Exercise data:

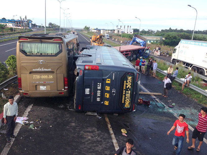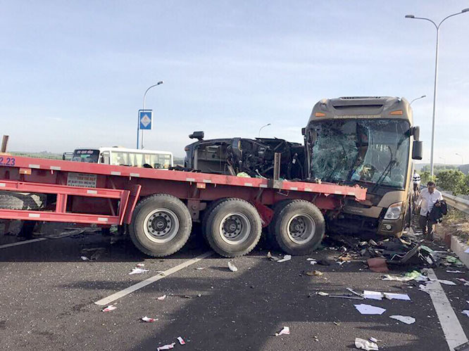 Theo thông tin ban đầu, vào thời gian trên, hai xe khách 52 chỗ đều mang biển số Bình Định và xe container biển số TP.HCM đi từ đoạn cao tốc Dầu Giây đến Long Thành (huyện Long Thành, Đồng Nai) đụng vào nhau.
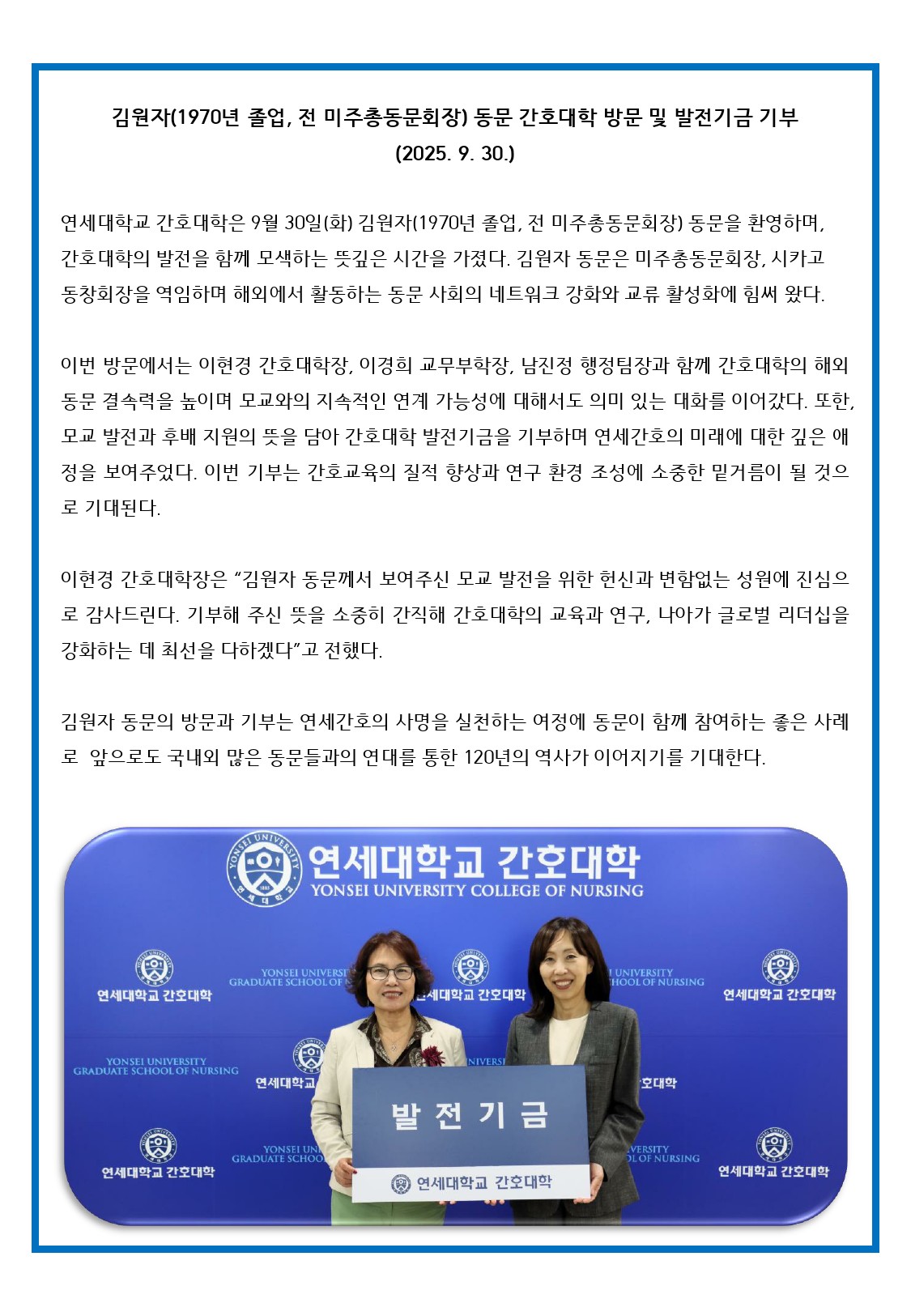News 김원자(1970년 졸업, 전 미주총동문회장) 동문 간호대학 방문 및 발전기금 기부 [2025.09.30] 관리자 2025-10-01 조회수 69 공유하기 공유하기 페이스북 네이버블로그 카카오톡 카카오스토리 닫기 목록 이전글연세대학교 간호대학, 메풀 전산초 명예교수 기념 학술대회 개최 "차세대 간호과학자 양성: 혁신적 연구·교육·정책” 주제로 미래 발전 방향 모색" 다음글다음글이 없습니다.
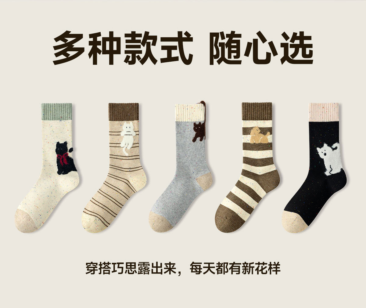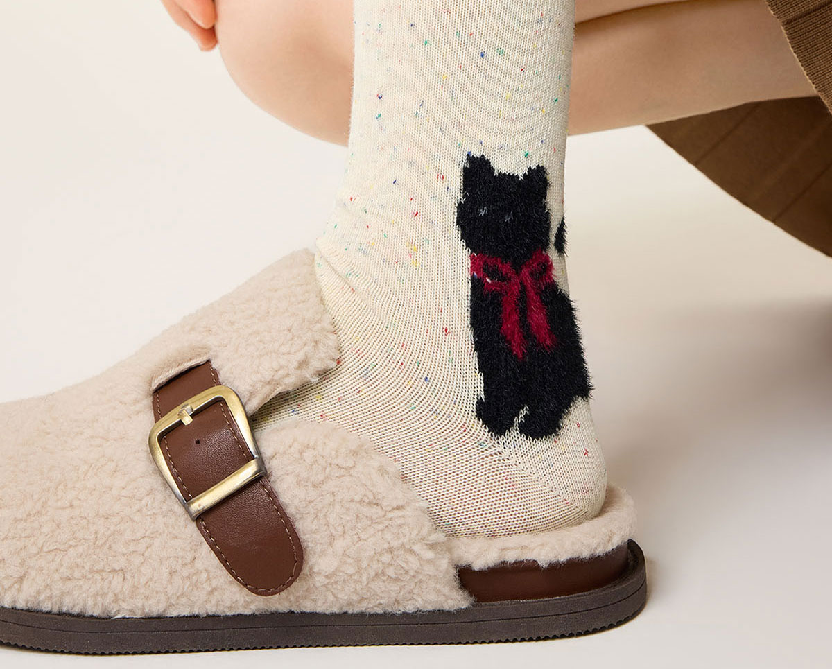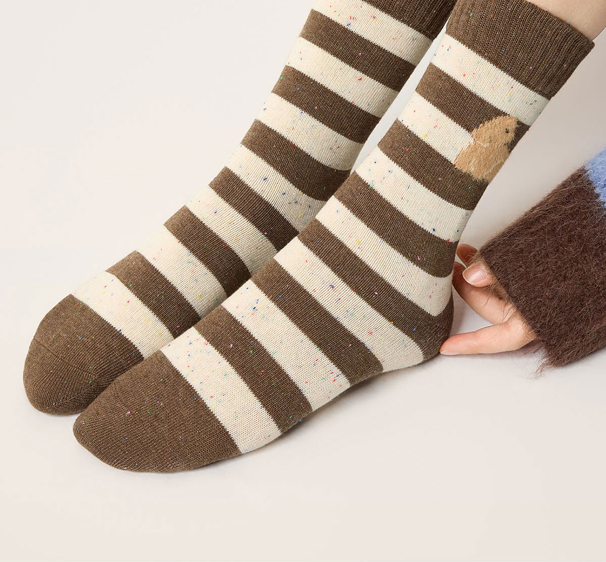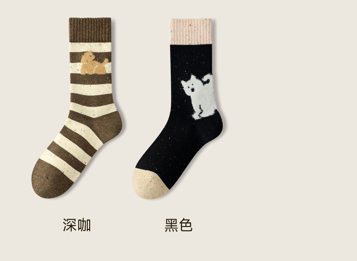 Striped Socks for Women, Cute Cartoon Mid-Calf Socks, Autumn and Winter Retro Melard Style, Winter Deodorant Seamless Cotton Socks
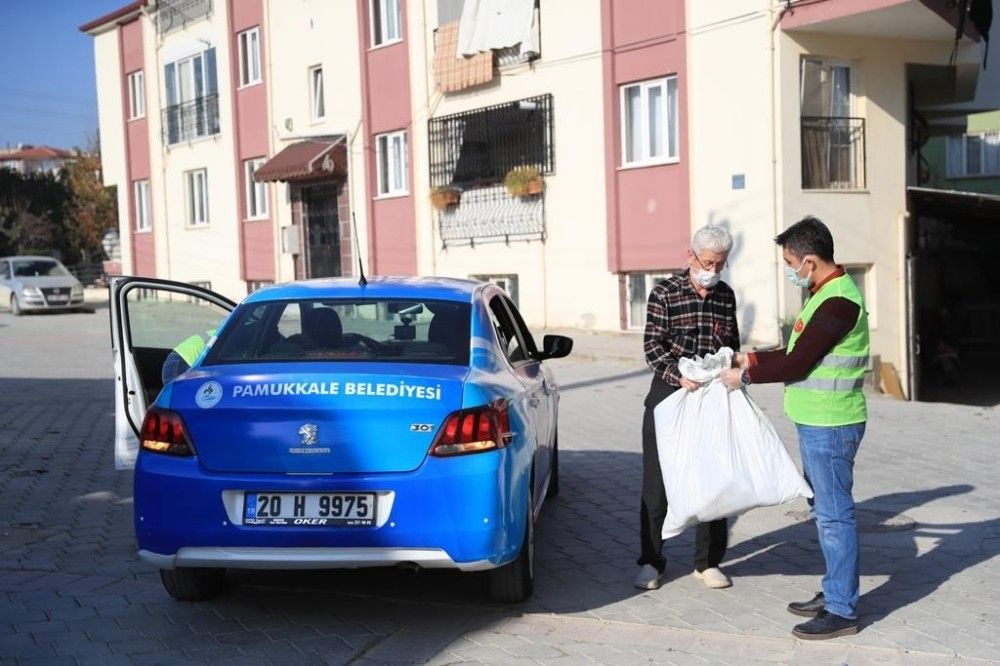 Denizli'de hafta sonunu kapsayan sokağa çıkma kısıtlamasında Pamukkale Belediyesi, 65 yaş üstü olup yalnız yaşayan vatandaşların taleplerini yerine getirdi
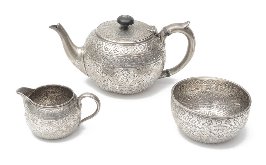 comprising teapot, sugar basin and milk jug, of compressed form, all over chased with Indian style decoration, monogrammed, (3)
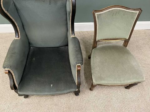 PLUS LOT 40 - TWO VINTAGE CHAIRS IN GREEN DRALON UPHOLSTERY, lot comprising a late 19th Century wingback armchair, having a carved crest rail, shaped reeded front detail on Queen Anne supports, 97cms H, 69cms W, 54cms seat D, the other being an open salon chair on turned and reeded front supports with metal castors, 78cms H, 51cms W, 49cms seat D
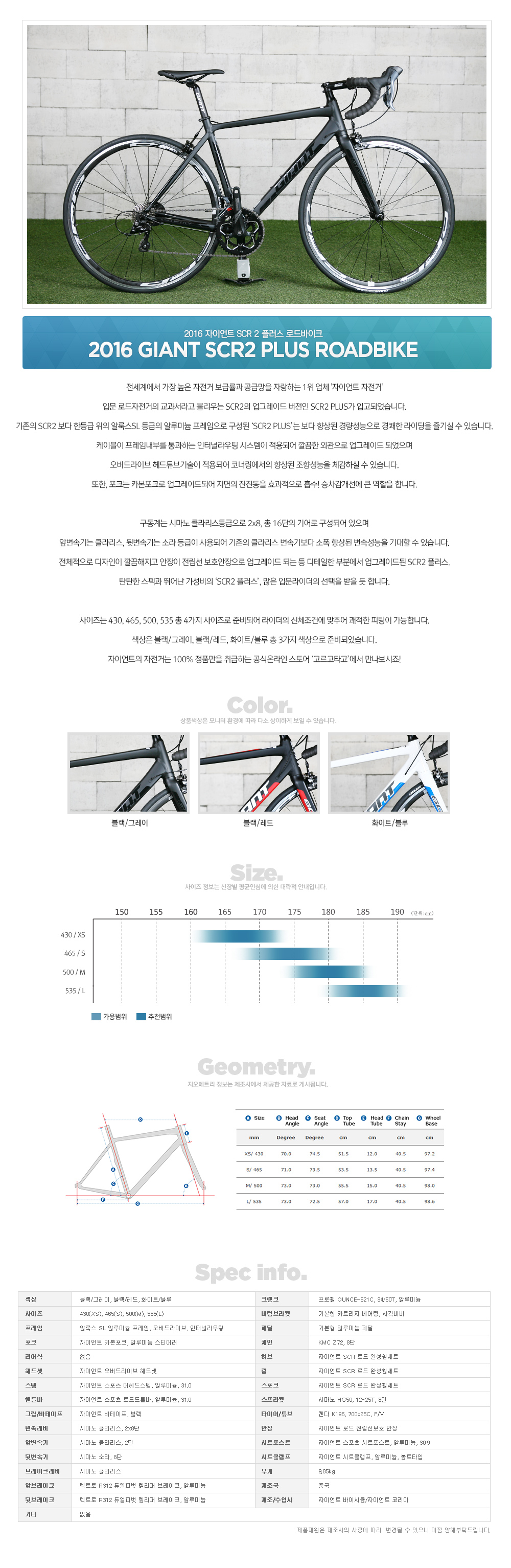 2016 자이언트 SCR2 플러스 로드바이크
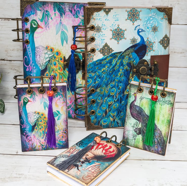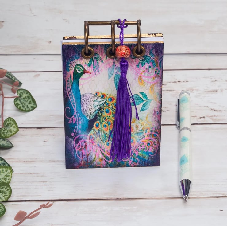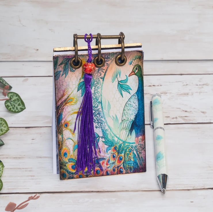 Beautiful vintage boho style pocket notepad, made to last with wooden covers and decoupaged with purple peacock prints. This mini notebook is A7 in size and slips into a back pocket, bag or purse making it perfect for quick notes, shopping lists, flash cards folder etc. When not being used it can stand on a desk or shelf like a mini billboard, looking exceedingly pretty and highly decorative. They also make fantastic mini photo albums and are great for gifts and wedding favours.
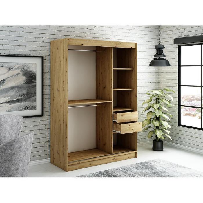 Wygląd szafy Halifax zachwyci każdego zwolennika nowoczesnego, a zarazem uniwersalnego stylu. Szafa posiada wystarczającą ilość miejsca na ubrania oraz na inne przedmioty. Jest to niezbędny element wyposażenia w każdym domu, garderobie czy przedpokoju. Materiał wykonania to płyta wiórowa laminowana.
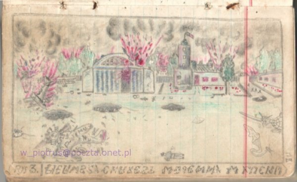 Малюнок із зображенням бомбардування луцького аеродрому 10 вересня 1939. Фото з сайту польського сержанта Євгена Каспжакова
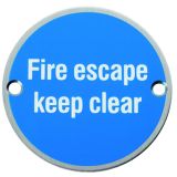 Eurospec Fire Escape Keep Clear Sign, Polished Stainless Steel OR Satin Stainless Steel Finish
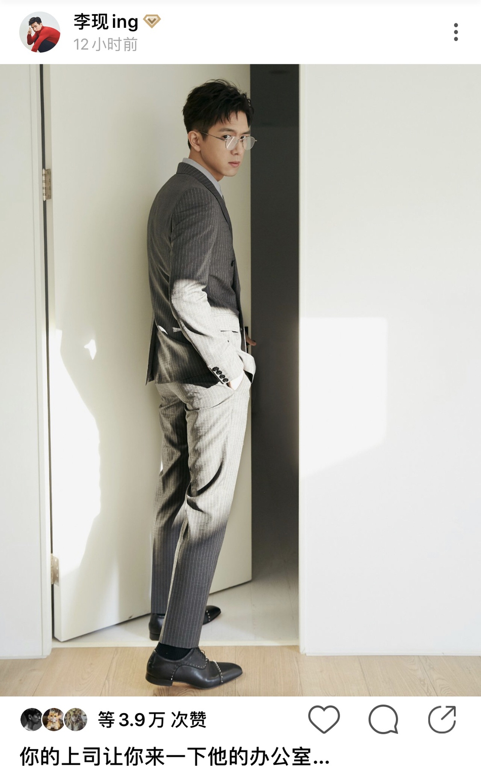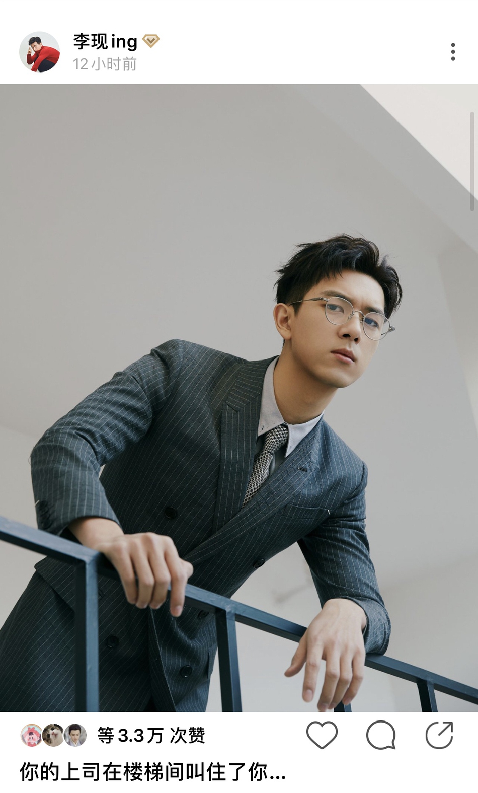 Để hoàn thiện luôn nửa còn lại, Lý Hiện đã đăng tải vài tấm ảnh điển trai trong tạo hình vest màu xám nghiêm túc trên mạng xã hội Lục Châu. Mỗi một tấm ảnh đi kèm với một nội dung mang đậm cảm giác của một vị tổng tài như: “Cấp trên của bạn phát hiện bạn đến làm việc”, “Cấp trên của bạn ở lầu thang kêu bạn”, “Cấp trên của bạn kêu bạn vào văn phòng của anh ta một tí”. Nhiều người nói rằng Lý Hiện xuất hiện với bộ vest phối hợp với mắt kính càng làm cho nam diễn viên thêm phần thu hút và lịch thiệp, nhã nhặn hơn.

Work order:
Omit the pictures. Print, word for word, the lines from the beginning of the entries above through the line that holds "Eurospec Fire Escape".

Worked solution:
 Theo thông tin ban đầu, vào thời gian trên, hai xe khách 52 chỗ đều mang biển số Bình Định và xe container biển số TP.HCM đi từ đoạn cao tốc Dầu Giây đến Long Thành (huyện Long Thành, Đồng Nai) đụng vào nhau.
News 김원자(1970년 졸업, 전 미주총동문회장) 동문 간호대학 방문 및 발전기금 기부 [2025.09.30] 관리자 2025-10-01 조회수 69 공유하기 공유하기 페이스북 네이버블로그 카카오톡 카카오스토리 닫기 목록 이전글연세대학교 간호대학, 메풀 전산초 명예교수 기념 학술대회 개최 "차세대 간호과학자 양성: 혁신적 연구·교육·정책” 주제로 미래 발전 방향 모색" 다음글다음글이 없습니다.
 Striped Socks for Women, Cute Cartoon Mid-Calf Socks, Autumn and Winter Retro Melard Style, Winter Deodorant Seamless Cotton Socks
 Denizli'de hafta sonunu kapsayan sokağa çıkma kısıtlamasında Pamukkale Belediyesi, 65 yaş üstü olup yalnız yaşayan vatandaşların taleplerini yerine getirdi
 comprising teapot, sugar basin and milk jug, of compressed form, all over chased with Indian style decoration, monogrammed, (3)
 PLUS LOT 40 - TWO VINTAGE CHAIRS IN GREEN DRALON UPHOLSTERY, lot comprising a late 19th Century wingback armchair, having a carved crest rail, shaped reeded front detail on Queen Anne supports, 97cms H, 69cms W, 54cms seat D, the other being an open salon chair on turned and reeded front supports with metal castors, 78cms H, 51cms W, 49cms seat D
 2016 자이언트 SCR2 플러스 로드바이크
 Beautiful vintage boho style pocket notepad, made to last with wooden covers and decoupaged with purple peacock prints. This mini notebook is A7 in size and slips into a back pocket, bag or purse making it perfect for quick notes, shopping lists, flash cards folder etc. When not being used it can stand on a desk or shelf like a mini billboard, looking exceedingly pretty and highly decorative. They also make fantastic mini photo albums and are great for gifts and wedding favours.
 Wygląd szafy Halifax zachwyci każdego zwolennika nowoczesnego, a zarazem uniwersalnego stylu. Szafa posiada wystarczającą ilość miejsca na ubrania oraz na inne przedmioty. Jest to niezbędny element wyposażenia w każdym domu, garderobie czy przedpokoju. Materiał wykonania to płyta wiórowa laminowana.
 Малюнок із зображенням бомбардування луцького аеродрому 10 вересня 1939. Фото з сайту польського сержанта Євгена Каспжакова
 Eurospec Fire Escape Keep Clear Sign, Polished Stainless Steel OR Satin Stainless Steel Finish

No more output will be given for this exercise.